Official doc for [`Tensor.view`](https://pytorch.org/docs/stable/tensors.html#torch.Tensor.view)

In [28]:
# Get an output by forward propogation
output = net(input)

In [29]:
output

tensor([[-0.0270,  0.1041, -0.1182,  0.0681, -0.0702, -0.0923, -0.0845,  0.1088,
         -0.0210,  0.0042]], grad_fn=<AddmmBackward>)

In [30]:
criterion = nn.MSELoss()

### Note: 

A full list of loss functions in pytorch can be found [here](https://pytorch.org/docs/stable/nn.html#loss-functions).

In [31]:
loss = criterion(output, target)
print(loss)

tensor(0.6870, grad_fn=<MseLossBackward>)


In [32]:
print(loss.grad_fn)  # MSELoss
print(loss.grad_fn.next_functions[0][0])  # Linear
print(loss.grad_fn.next_functions[0][0].next_functions[0][0])  # ReLU

print(loss.grad_fn.next_functions[0][0].next_functions[1][0]) 
print(loss.grad_fn.next_functions[0][0].next_functions[2][0])  

<MseLossBackward object at 0x7f2ace1db9e8>
<AddmmBackward object at 0x7f2ace1dba20>
<AccumulateGrad object at 0x7f2ace1db9e8>
<ReluBackward0 object at 0x7f2ace1dba90>
<TBackward object at 0x7f2ace1dba58>


In [33]:
print(loss.grad_fn.next_functions[0][0].next_functions[1][0].next_functions)

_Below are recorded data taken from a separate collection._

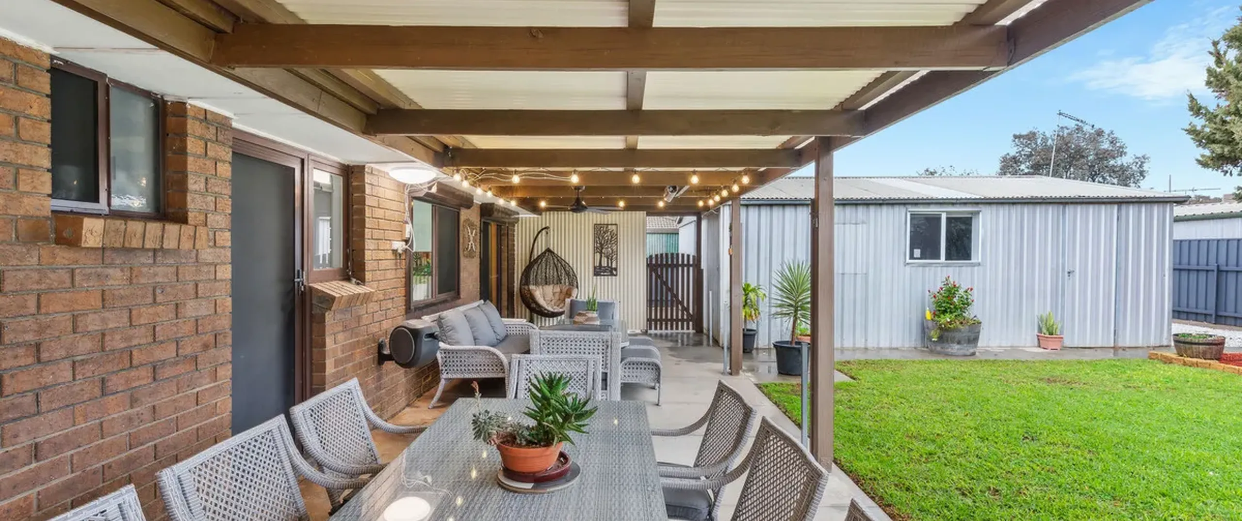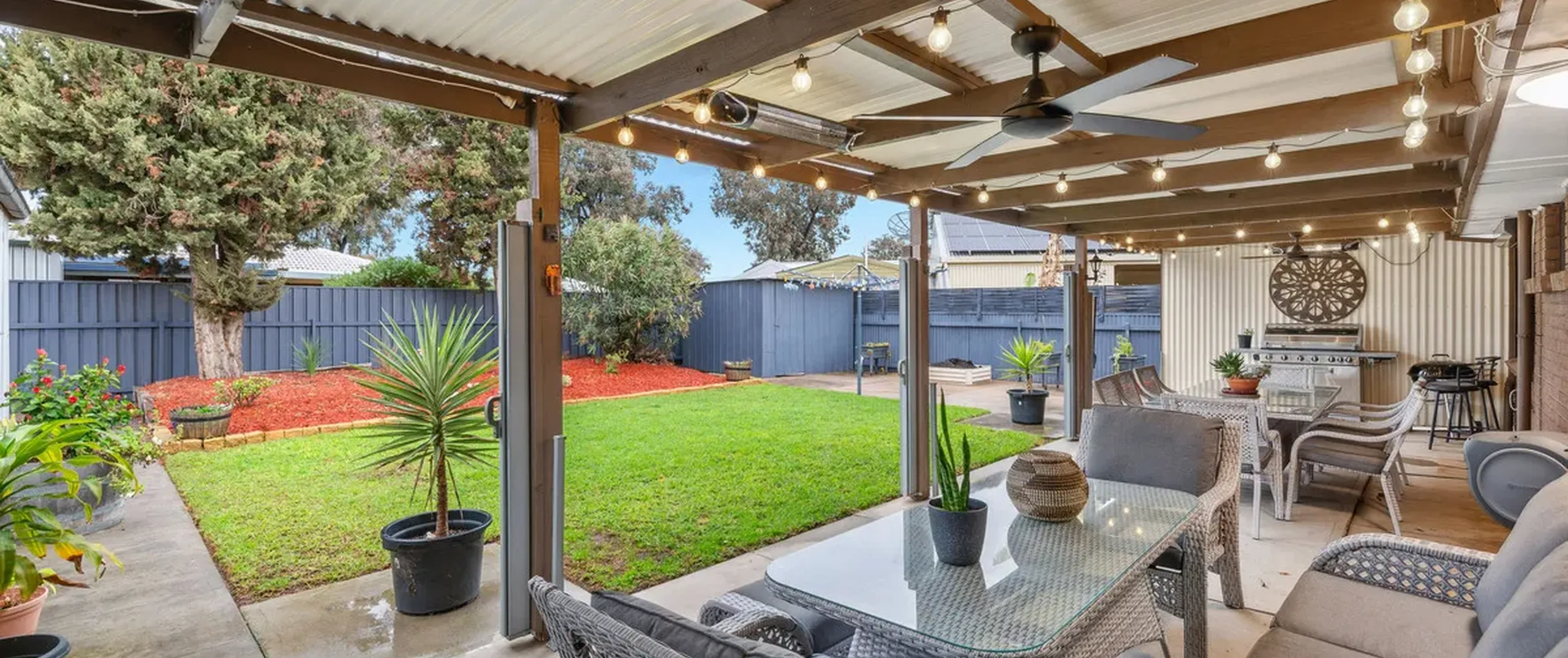 - Expansive, undercover outdoor entertaining area with café blinds, two ceiling fans, perfect for hosting family and friends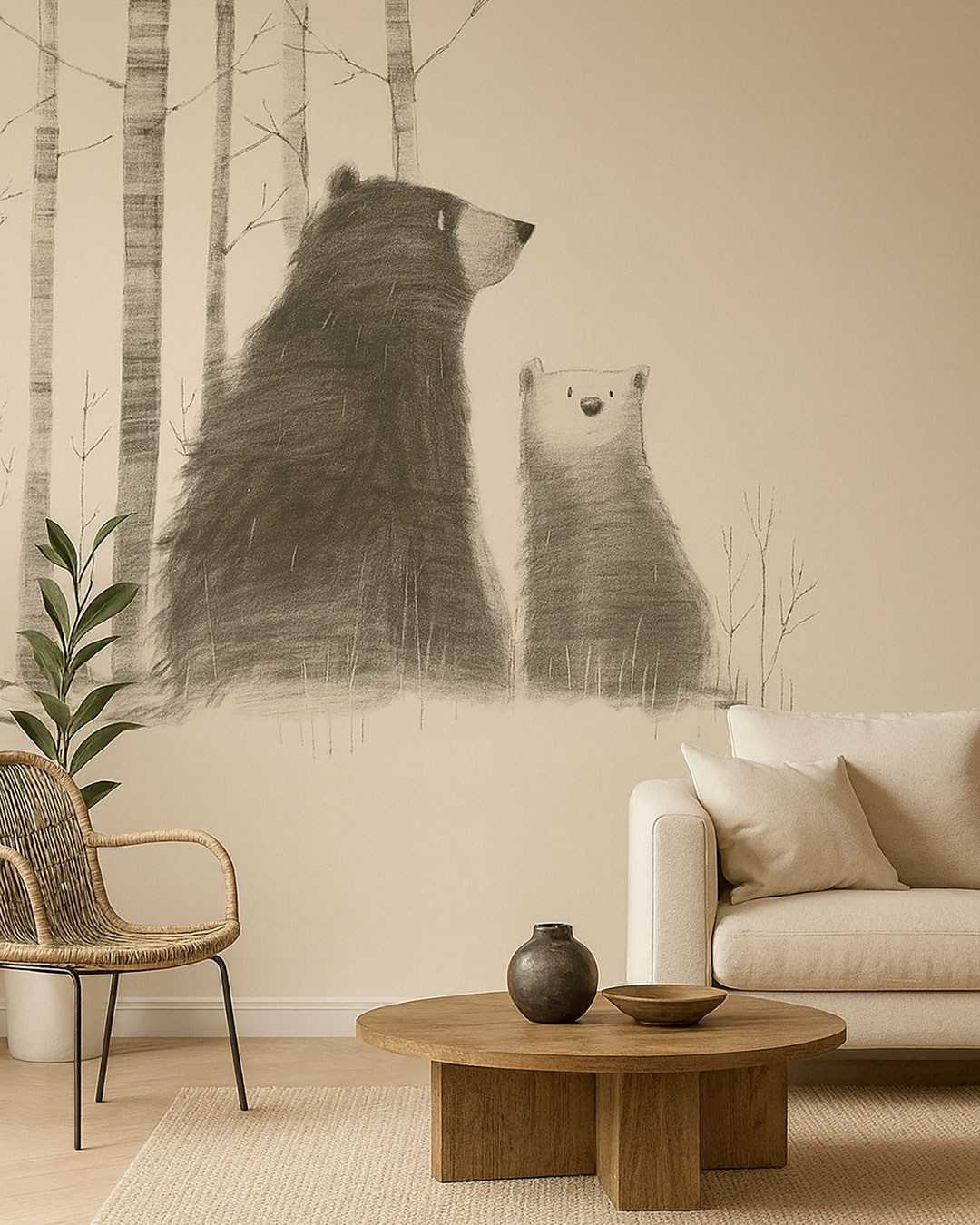 Ursina représente un grand et un petit ours assis paisiblement parmi de fines bouleaux et raconte une douce histoire de soin et de confiance. Le dessin monochrome tout en douceur rappelle un croquis au crayon et apporte chaleur et sécurité à la pièce. Le fond clair et discret garde l’espace léger et s’adapte facilement à de nombreux styles d’intérieur. Ce papier peint est idéal pour les chambres d’enfants, les nurseries, les coins lecture en famille ou les petites zones de détente. Associée à des meubles en bois, des textiles aux tons naturels et des accessoires inspirés de la forêt, Ursina crée un univers tendre pour les jeux calmes, le repos et les histoires du soir.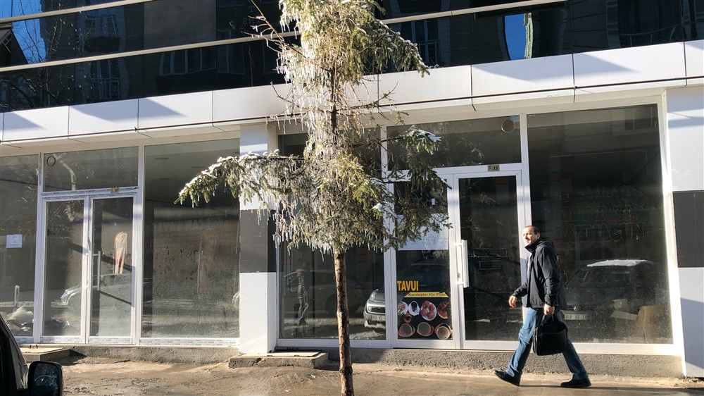 Gece saatlerinde soğuyan havanın gündüz saatlerinde yerini güneşli havaya bırakmasıyla eriyen kar suları çatı saçakları altındaki ağaçları adeta buza çevirdi. Buz sarkıtları bu defa ağaçların dallarından sarkmaya başladı. İlginç ve renkli anlara sahne olan buzlu ağaçlar vatandaşlarında dikkatini çekiyor.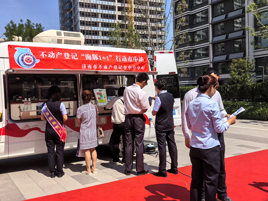 三是流动服务车进社区。海豚小分队跟随流动服务车进驻社区上门宣传“交房即办证”工作。购房人根据自身情况既可以现场办理,又可以下载“爱山东”手机APP线上办理,若线上线下办理都有困难的,还可以申请“云柜台”服务,由帮办专员视频见证为购房人办证。通过线上线下相结合的方式为因种种原因不便自行办理不动产权证书的群众办理业务,打通老百姓办理不动产权证的“最后一公里”。
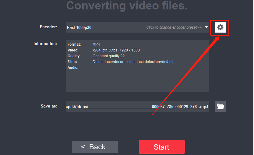 4.进入到下一步界面之后就是转换的操作界面了,我们需要点击其中的齿轮图标,点击之后打开设置界面。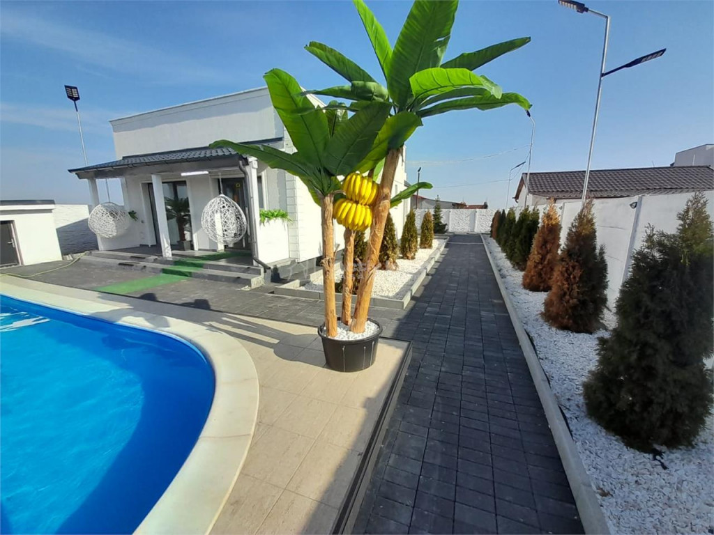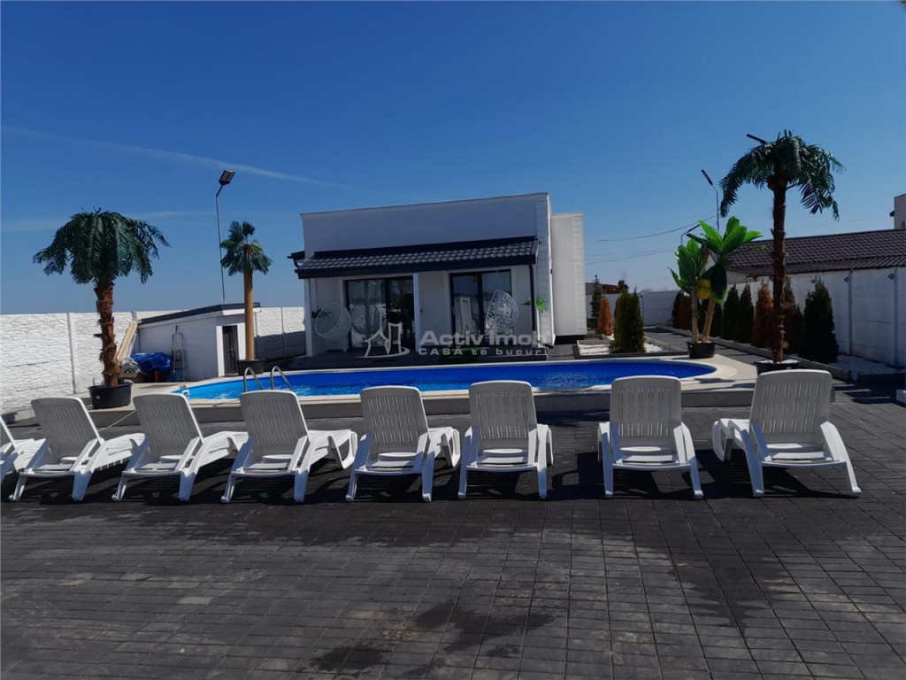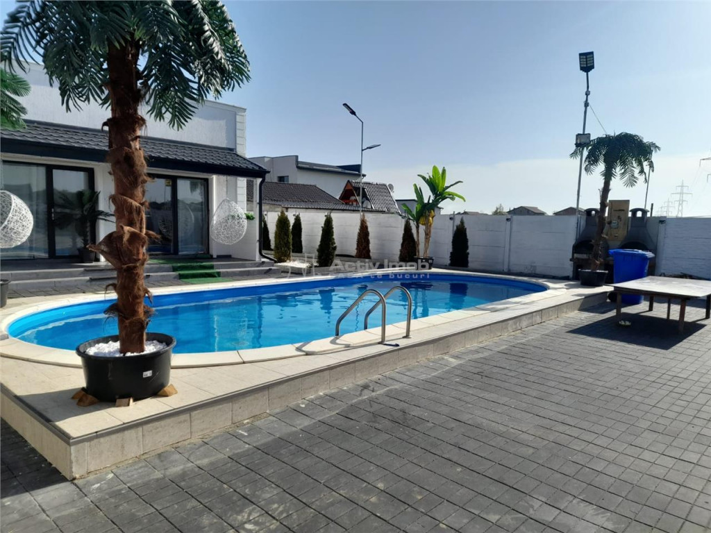 BENEFICII PENTRU CLIENTII ACESTEI OFERTE: Vila 4 camere situata in comuna Berceni Teren 1950mp Poate fi folosita pentru locuit, pentru organizat evenimente, sau inchiriere pentru evenimente Piscina exterioara Gratar Foisor spatios mobilat si utilat complet 6 locuri parcare in curte Teren de sport Mobilata si utilata complet, inclusiv mobilier de exterior, exact cum reiese din fotografii Curte amenajata. Supraveghere video de la distanta Doua bai in interiorul vilei, plus doua grupuri sanitare exterioare

((<AddmmBackward object at 0x7f2ace1d8e80>, 0),)


## Back Propogation

In [34]:
net.zero_grad()     # zeroes the gradient buffers of all parameters

print('conv1.bias.grad before backward')
print(net.conv1.bias.grad)

loss.backward()

print('conv1.bias.grad after backward')
print(net.conv1.bias.grad)

conv1.bias.grad before backward
tensor([0., 0., 0., 0., 0., 0.])
conv1.bias.grad after backward
tensor([ 0.0019,  0.0030,  0.0087,  0.0046, -0.0154, -0.0070])


In [35]:
net.conv2.weight.shape

torch.Size([16, 6, 3, 3])

In [36]:
net.conv2.weight.grad.shape

torch.Size([16, 6, 3, 3])

In [37]:
net.conv2.bias.shape

torch.Size([16])

## Update the weights

In [38]:
import torch.optim as optim

In [39]:
# create your optimizer
optimizer = optim.SGD(net.parameters(), lr=10)

Check full optim list ([here](https://pytorch.org/docs/stable/optim.html)).

In [40]:
# in your training loop:
optimizer.zero_grad()   # zero the gradient buffers
output = net(input)
loss = criterion(output, target)

In [41]:
net.conv1.bias

Parameter containing:
tensor([ 0.1756,  0.0457,  0.0422,  0.1254, -0.1126,  0.0537],
       requires_grad=True)

In [42]:
net.conv1.bias.grad

tensor([0., 0., 0., 0., 0., 0.])

### Perform back propogation

In [43]:
loss.backward()

In [44]:
net.conv1.bias

Parameter containing:
tensor([ 0.1756,  0.0457,  0.0422,  0.1254, -0.1126,  0.0537],
       requires_grad=True)

In [45]:
net.conv1.bias.grad

tensor([ 0.0019,  0.0030,  0.0087,  0.0046, -0.0154, -0.0070])

The paramters are the same but the gradients are updated.

### Update the paramters

In [46]:
optimizer.step()    # Does the update

In [47]:
net.conv1.bias

Parameter containing:
tensor([ 0.1570,  0.0157, -0.0448,  0.0790,  0.0409,  0.1240],
       requires_grad=True)

In [48]:
net.conv1.bias.grad

tensor([ 0.0019,  0.0030,  0.0087,  0.0046, -0.0154, -0.0070])

The parameters are updated and the gradients stay the same.